Marlene Kemper beschließt, mit offenen Karten zu spielen. »Es war ein anonymer Anrufer. Jemand sagte, du hättest Gerhard Uhlen auf dem Gewissen. Er nannte uns die Adresse des Appartements deiner Freundin, in dem wir dich dann gestern Abend geschnappt haben.« Sie zupft ein frisches Pfefferminz aus der Packung und bietet auch Leo eins an. Als er zugreift sieht Marlene den bunten Schmetterling, der auf seinem Handrücken tätowiert ist.

»Dieses Luder!«, knurrt er.

»Welches Luder?«

»Die Witwe«, grollt Leo. »Andrea Uhlen, so heißt sie doch, oder? Sie hat mich angeheuert, um ihren Mann zu erschießen.«

Marlene wechselt einen erstaunten Blick mit Krüger.

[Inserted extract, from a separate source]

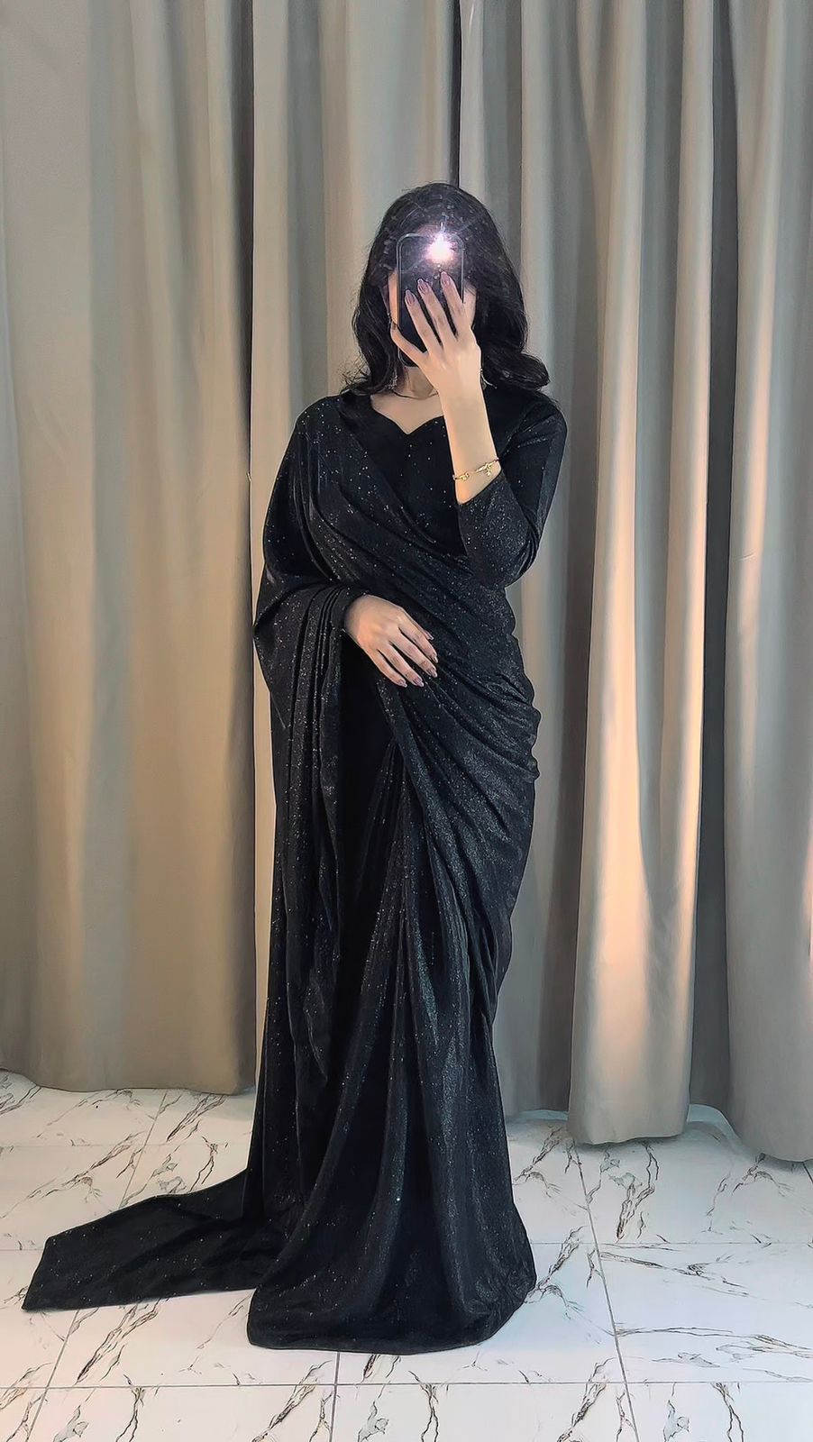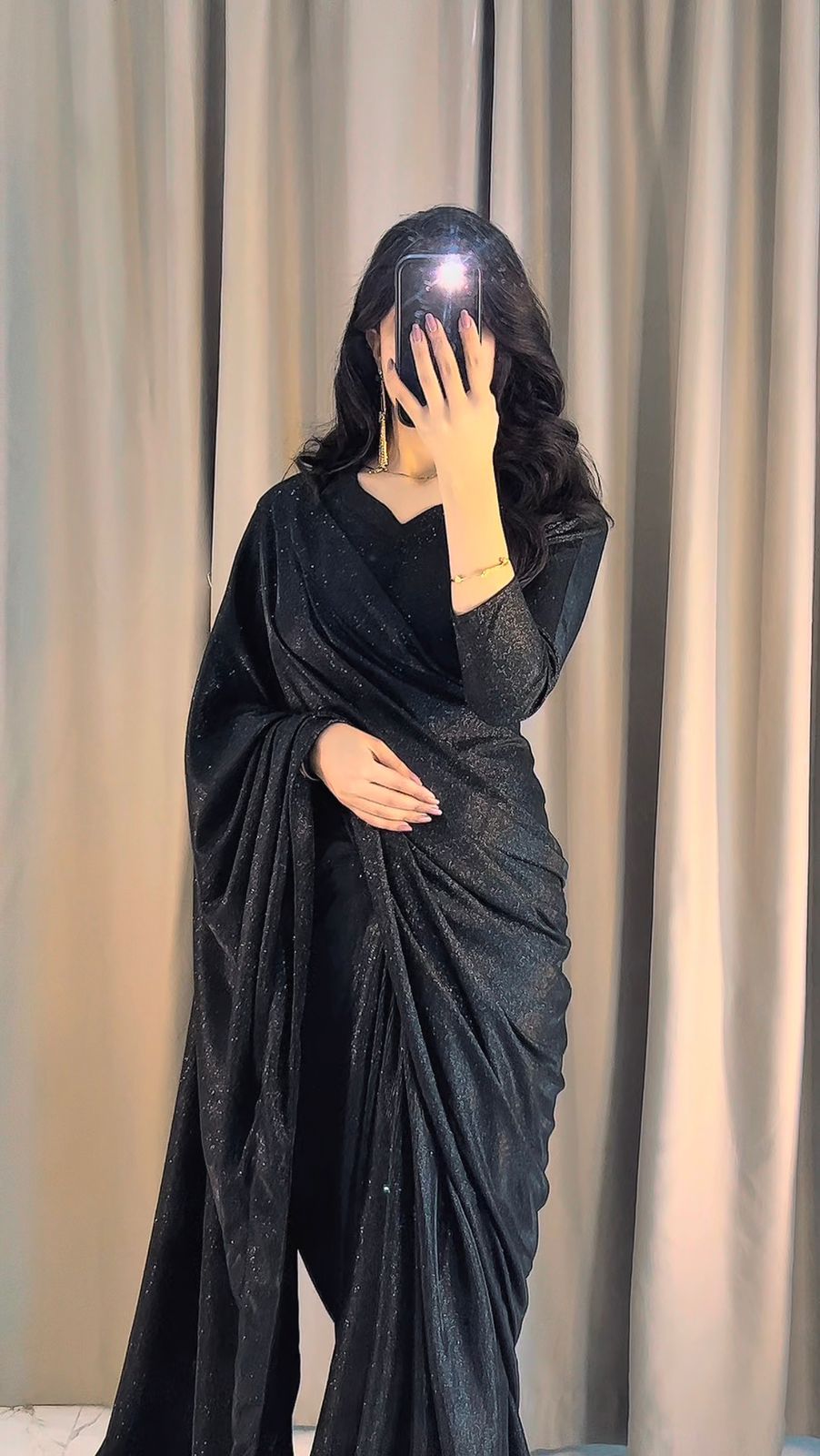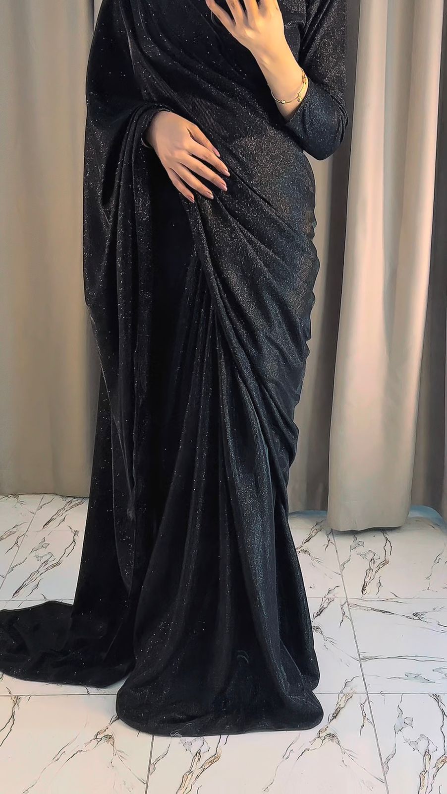 Elegant Premium Moonlight Shimmer Saree, free size fit (S–L), length 43-44. Perfect for weddings, reception & formal wear.

»Die beiden hatten irgendwelche Eheprobleme, und Geld spielte auch eine Rolle«, erzählt Leo. »Andrea Uhlen hat mich vor einer Woche in Pascals Spielklub angesprochen. Sie tat ungeheuer geheimnisvoll und sprach von einem Auftrag, den sie für mich hätte. Zwanzigtausend Euro hat sie mir geboten, damit ich ihren Mann erschieße. Die eine Hälfte im Voraus, die andere Hälfte hinterher.«

»Sie hat dich beauftragt?« Krüger hebt die Augenbrauen. »Das sollen wir glauben?«

Leo hebt die rechte Hand: »Genauso ist es gewesen. Die Dame wollte sich natürlich nicht im Club über die Details auslassen, deshalb sind wir ins Appartement meiner Freundin gegangen und haben alles ausgehandelt. Es sollte wie ein verunglückter Raubüberfall aussehen.«

»Und du hast den Job übernommen?«, fragt Marlene.

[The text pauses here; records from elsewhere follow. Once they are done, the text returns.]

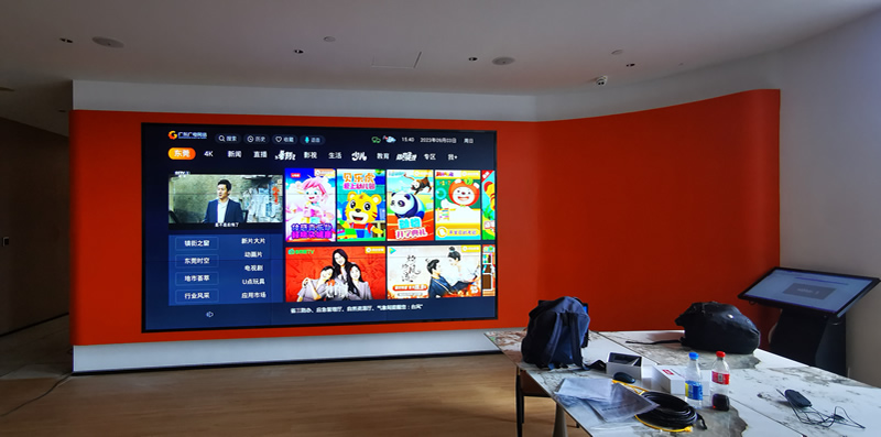 本案例中,維康國際為東莞市電視臺辦公室提供一套顯示大屏,采用3*3拼接、55寸液晶拼接屏,0.88mm超窄邊邊框,如上圖所示,屏幕顯示清晰,色彩豐富,一體化顯示效果好。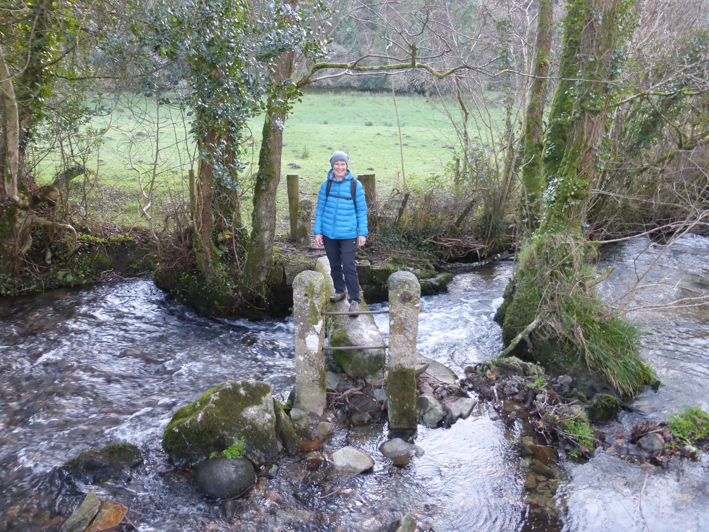 From a road junction at Tresarrett a short uphill section led to some more muddy tracks which dropped down into another valley, across a narrow granite bridge, and up a steep slope emerging right beside the lovely Blisland church. Here we settled down to a lunch which included some warming and welcome soup.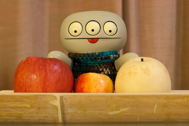 This evenings there was a knocker at the hotels room door and when I answereds it there was a roomservicer standerings there holdings this woodens tray with three differents applers in it.

Leo Treske nickt schuldbewusst. »Ich brauchte das Geld. Deswegen habe ich den Job angenommen und Uhlen erschossen.«

»Selbst wenn Andrea Uhlen dich beauftragt hat«, meint Krüger zweifelnd, »warum hätte sie uns dann den anonymen Tipp geben sollen, wo wir dich finden?«

»Sie will das Geld sparen«, meint Treske »Die zweiten zehntausend Euro. Sie ist eben ein Luder.«

Marlene lutscht nachdenklich an ihrem Pfefferminz und überlegt, ob Leos Version wohl wahr ist. Krüger ist immer noch nicht überzeugt. »Gesetzt den Fall, dass deine Geschichte stimmt«, sagt sie zu Leo. »Dann muss sie doch befürchten, dass du sie belastest, genau wie du es jetzt tust, und wir sie als Anstifterin eines Mordes festnehmen.«

»Sie rechnet eben damit, dass Sie mir nicht glauben«, meint Leo trocken. »Und genauso ist es ja wohl auch. Sie ist schon clever, dieses Biest. Hätte sie mir das Geld bezahlt, sähe es jetzt anders aus – dann hätte ich sie jederzeit erpressen können!«

Angesichts von Leos Vorstrafenregister zweifelt Marlene keine Sekunde daran, dass es dies auch getan hätte.

»Krüger«, sagt Marlene zu ihrem Kollegen. »Holen Sie mir sofort Andrea Uhlen her. Ich kann beweisen, dass sie Leo schon vor dem Mord auf dem Parkplatz getroffen hat.«

Wie kann Marlene das beweisen?

Lösung:

Andrea Uhlen behauptete bei der Identifizierung, Leo unter anderem an seiner Tätowierung auf dem Handrücken wieder erkannt zu haben. Dabei trugen alle Männer in der Parade Handschuhe.